Die heerlijke jaren vijftig. Met mythische Tourhelden zoals een Woutje, Wim, Hein, maar ook Jean Branckart: bij de jongens van de geboortegolf razend populair. Jean was nogal zeldzaam. Met dank aan de Bubblegumkauwgum. Een pakje Bubblegum, verwoester van hele generatie jongensgebitten, voor vijf centen, maar wél voorzien van een gekleurd ‘wielrennersplaatje’. Godsallemachtig, je hele zakgeld ging daar aan op. Dwangmatig moest de verzameling wielerplaatjes compleet zijn. Wie die Branckart eigenlijk was? Géén idee. Ja een wielrenner. En dat was het.
Jean Brankart, vanaf 1954 zes keer aan de start van de Ronde van Frankrijk. Sloeg in 1955 tijdens zijn tweede Tour, toe. Koppenzetters van tijdschriften en kranten, gebruikten daarvoor het grootste korps om Jeans naam te zetten. Brankart, een stokbrood op een koersfiets, met diep in de kassen verzonken ogen, won de achttiende én de eenentwintigste etappe. Vooral de laatste, een tijdrit over achtenzestig kilometer, waar hij de latere Tourwinnaar Bobet op 1 minuut reed, maakte diepe indruk. Dat Jean in het eindklassement van deze Tour tweede werd, ach aardig voor de statistici.
Jean Brankart, zes keer in Parijs van start gegaan, haalde nooit meer dié topvorm van 1955: zijn etappeteller bleef steken op twee stuks. In 1960 moest Jean stoppen met koersen: hartproblemen.
Jean Brankart, icoon van hele generaties jongens uit de jaren vijftig, mocht dan hartproblemen hebben, wat niet wegneemt dan de man zo taai is als zo’n plakje Bubblegum.
Afgelopen 12 juli werd de voormalige Tourkrijger achtentachtig jaar.

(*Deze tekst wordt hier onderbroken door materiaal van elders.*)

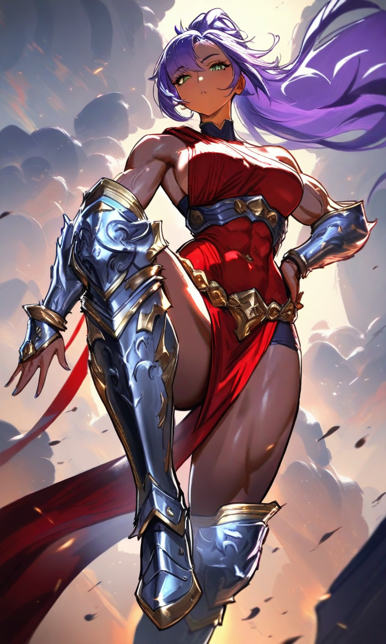 容姿: 紫のポニテ、褐色肌、筋骨隆々な1.8m

En wat dat ontbrekende kauwgumplaatje betreft: zo’n twee jaar geleden werd deze door schrijver dezes, op een veilingsite gescoord. Tsja, wat dat betreft blijven wij nog steeds jongens uit de jaren vijftig.
Bron: Miroir des Sports 1955.
De zomers begin jaren vijftig. Dat is denkend aan een Montelbaantoren in een strakke blauwe lucht. Schreeuwende zwaluwen scherend over grachten, straten en stegen. Straten vol met kinderen. IJsjes voor een stuiver bij de Italiaanse ijsman, hoek Koningsstraat/Krom Boomsloot. Zomers gebeiteld in het geheugen van een toenmalig jochie aan de Amsterdamse Nieuwmarktbuurt: dat merkwaardige buurtje bevolkt met havenarbeiders, bouwvakkers, en diamantslijpers.

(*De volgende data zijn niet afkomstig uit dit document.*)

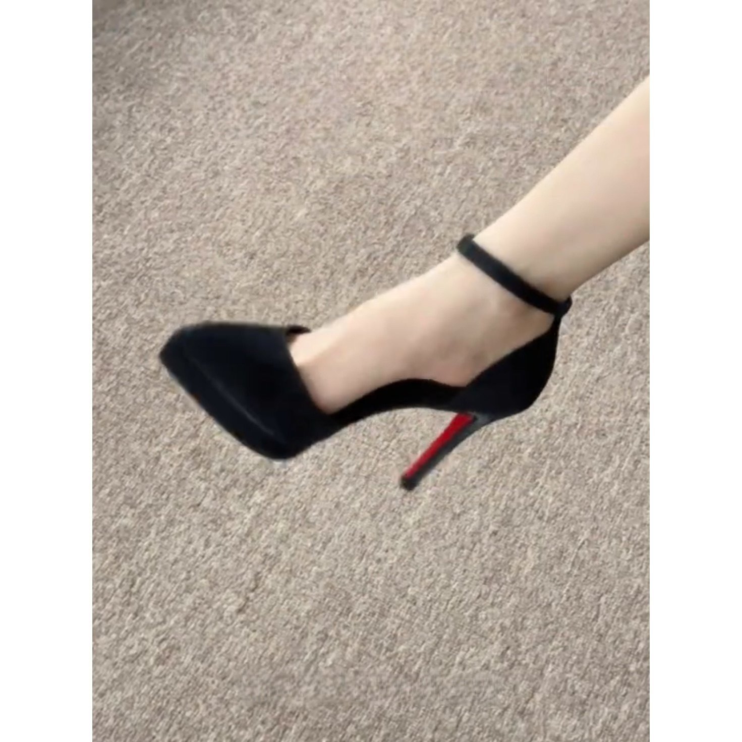 📚 春夏小众设计感中空尖头高跟鞋黑色红底细跟防水台一字扣高跟鞋女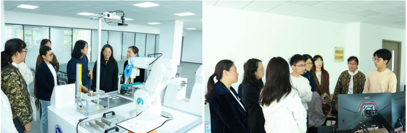 会前,上海市工商外国语学校一行实地参观了上海师范大学天华学院东校区人工智能研究院。老师们先后观摩了往届学生的优秀作品、机电实训设备,直观感受学院对实践教学的高度重视;同时详细了解了学校支持毕业生自主创业的创新举措——为有想法的学生提供场地打造校企一体化平台,为学生实习、创业提供坚实保障,目前已有多个场地投入使用,为学生成长搭建起广阔舞台。此外,还参观了金工实习场地,近距离感受学校完善的实践教学体系。

Hein van Breenen, afkomstig uit de Korte Koningsstraat: de complete buurt als supporter. Met als kloppend middelpunt de groentezaak van de Van Breenens. Pa en ma Van Breenen, maar vooral Heins zusje Annie. Een collectieve siddering in de huizen als Cottaar de naam van Hein brulde. Vooral tijdens de 20e etappe Tour 1954. Heintje, zoals hij liefkozend door de buurt genoemd werd, nipt op de wielerbaan van Besancon, geklopt door winnaar Lucien Teisseire.